In the social novel, plot is the dramatic source of moral complication, the tool writers use to explore the disconnect between our ideas of the world and the messiness of real life. Plot also allows writers to place distance between themselves and their subjects, letting readers both empathize with and critique characters. But in Dream Count, instead of diligently crafting a plot that dramatizes the ideological tensions she wishes to comment on, Adichie merely rants, often in language that recalls her 2021 blog post in which she critiqued her former students’ — two queer Nigerian writers — criticisms of her as “mediocre malice,” “the false gauziness of ideological purity,” and “parrot[ting] the latest American Feminist orthodoxy.” Similarly, in Dream Count, she heaps derisive epithets on American liberals, who are “a biased referee pretending to be fair,” “parroting robot[s] … heedlessly drunk on their certainties,” leaving “no room for dissent,” who are willing to forgive “evilness” “as long as you board their ideology train.” Adichie’s writing here isn’t merely uncurious — the prose is also often bad: “They can’t see because their hearts lack eyes. Their hearts are blind.” This is the sanctimonious language of social media — the tone and medium Adichie criticized in her 2021 blog post — not of a nuanced social novel.
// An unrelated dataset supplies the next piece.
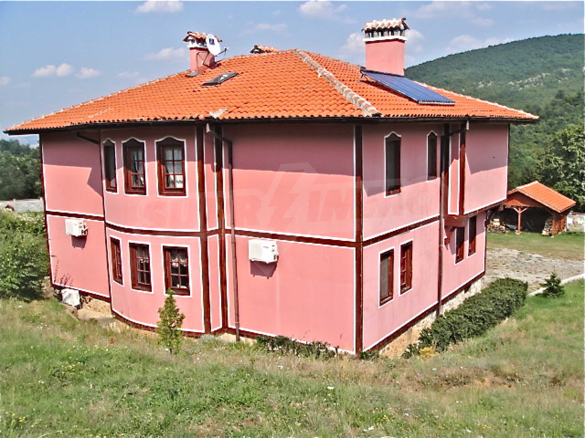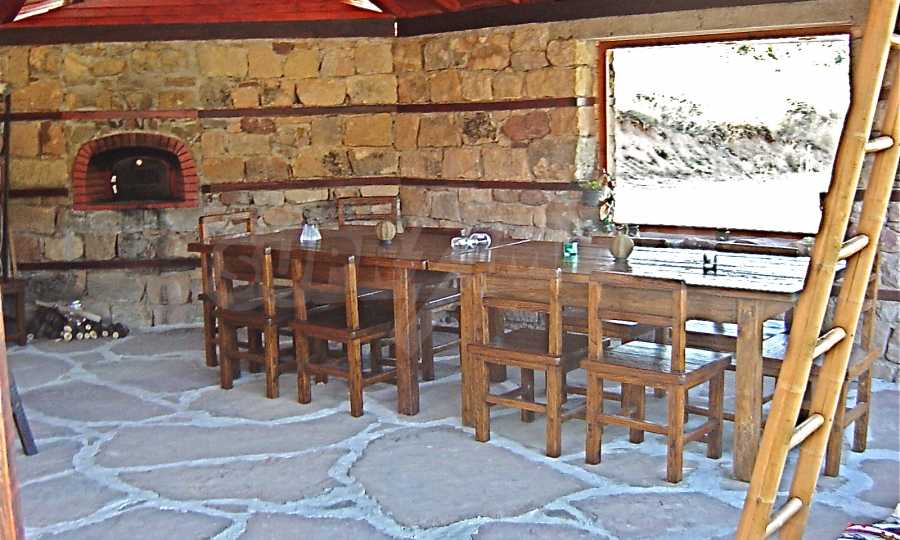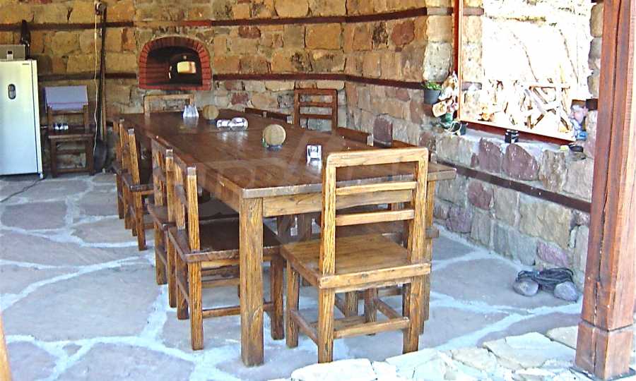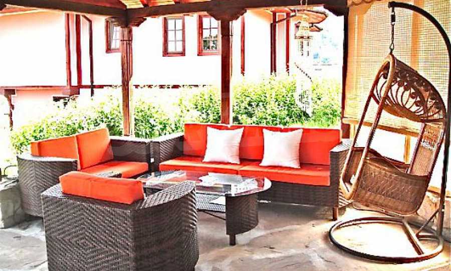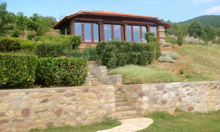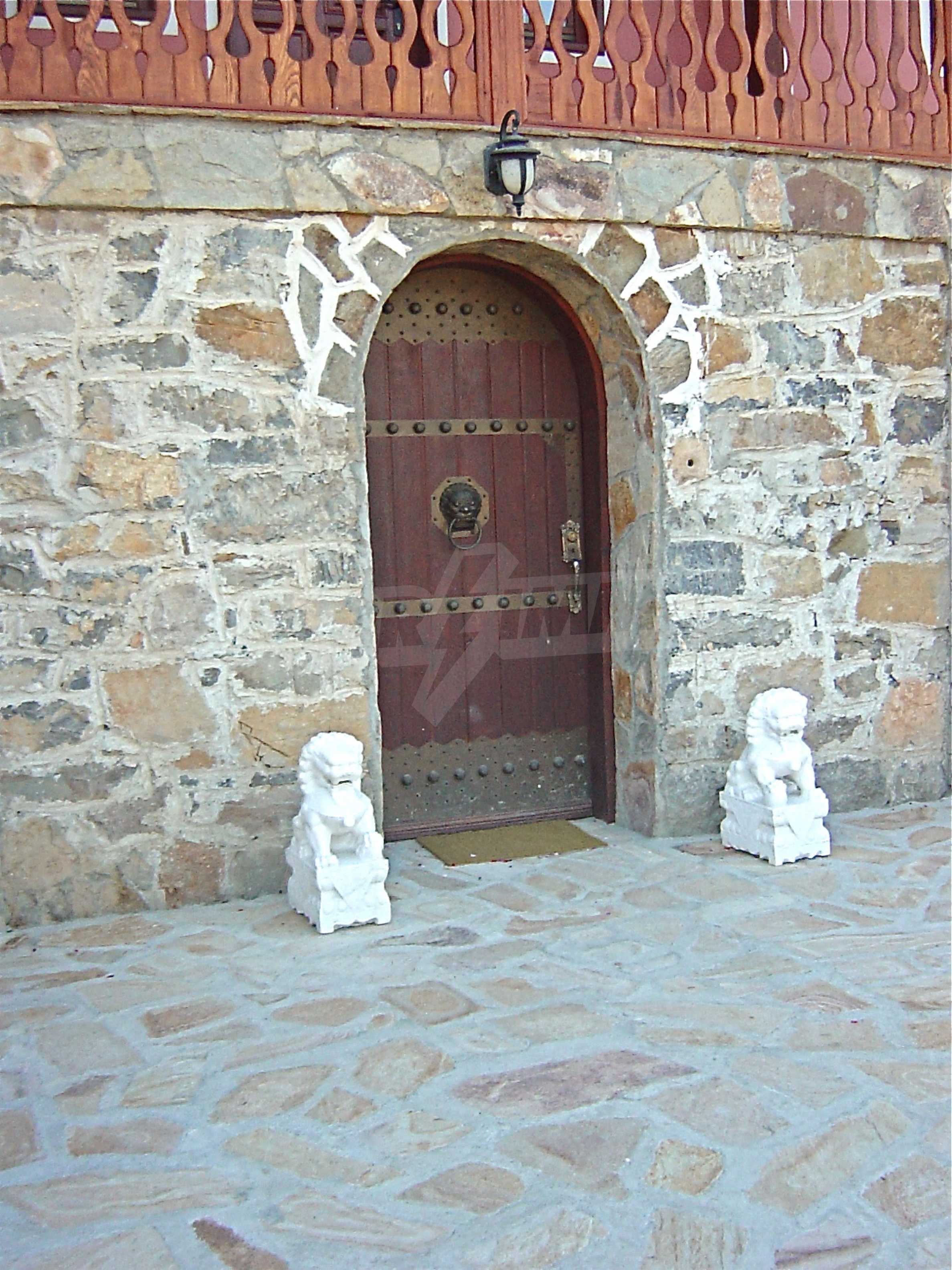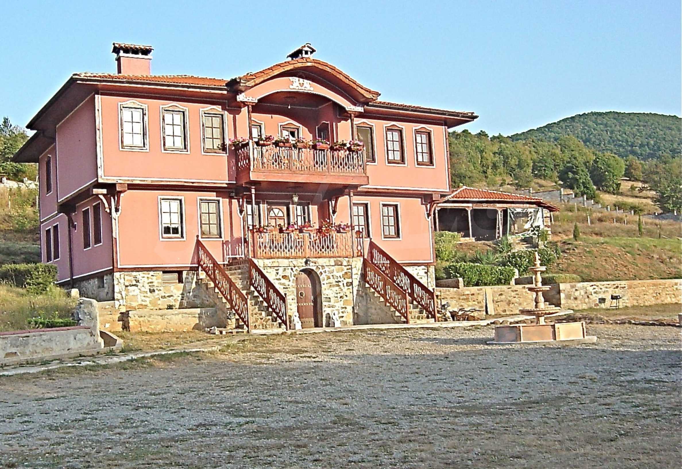 The house is in Bulgarian Revival style on three floors, with total living area of 450 m2. The plot is 10 decares with cement brick fence 180 cm high.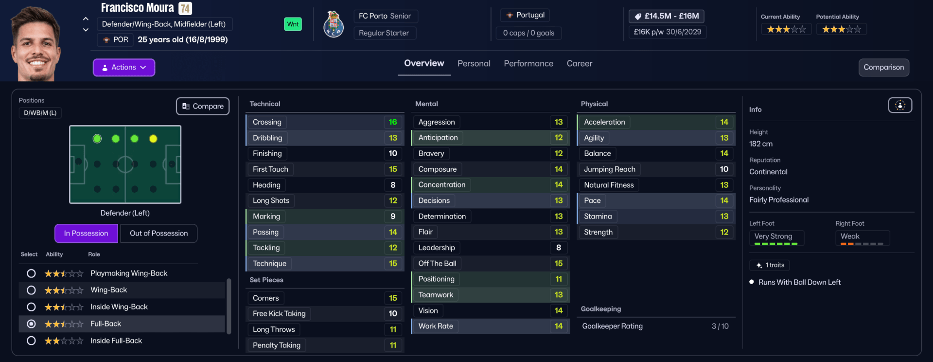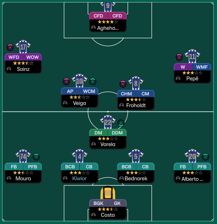 Francisco Moura is critical to the central overload, as his technical quality (Passing 14, Technique 15, and Vision 14) and off the ball movement (15) allow him to consistently tuck inside, forming the midfield base and linking play quickly to create superior numbers centrally.

The most revealing moment in Dream Count comes when Omelogor describes “a famous academic feminist” who “didn’t like women. She liked only the idea of women.” The famous academic feminist gatekeeps: “She posted cryptic quotes about feminism that you were supposed to feel guilty about but not understand, and vaguely threatening conditions for how to be a feminist, like if you don’t know blah blah blah about Bangladesh then you’re no feminist, if you don’t liberate this and that then you’re no feminist.” What exactly the blah blah blah about Bangladesh refers to, we never learn. Maybe it has something to do with labor? Might Omelogor, the banker turned microlender, or Adichie, the feminist who has expressed skepticism about intersectionality — benefit from engaging with this blah blah blah?

Men can be trash, yes, but we should expect feminist fiction to do more than simply point that out. Beyond men’s badness lie more interesting second- and third-order questions about the lives of women, about how to be a feminist in the 21st century. A novel that genuinely grapples with those questions might illuminate something not just about the a priori necessity of feminism (a given for most Adichie readers) but also about the thorny process of putting different feminisms into practice. A younger Adichie might have penned just such a novel. What a pity that the new Adichie — the defensive celebrity, the territorial feminist — seems no longer capable of writing such a book.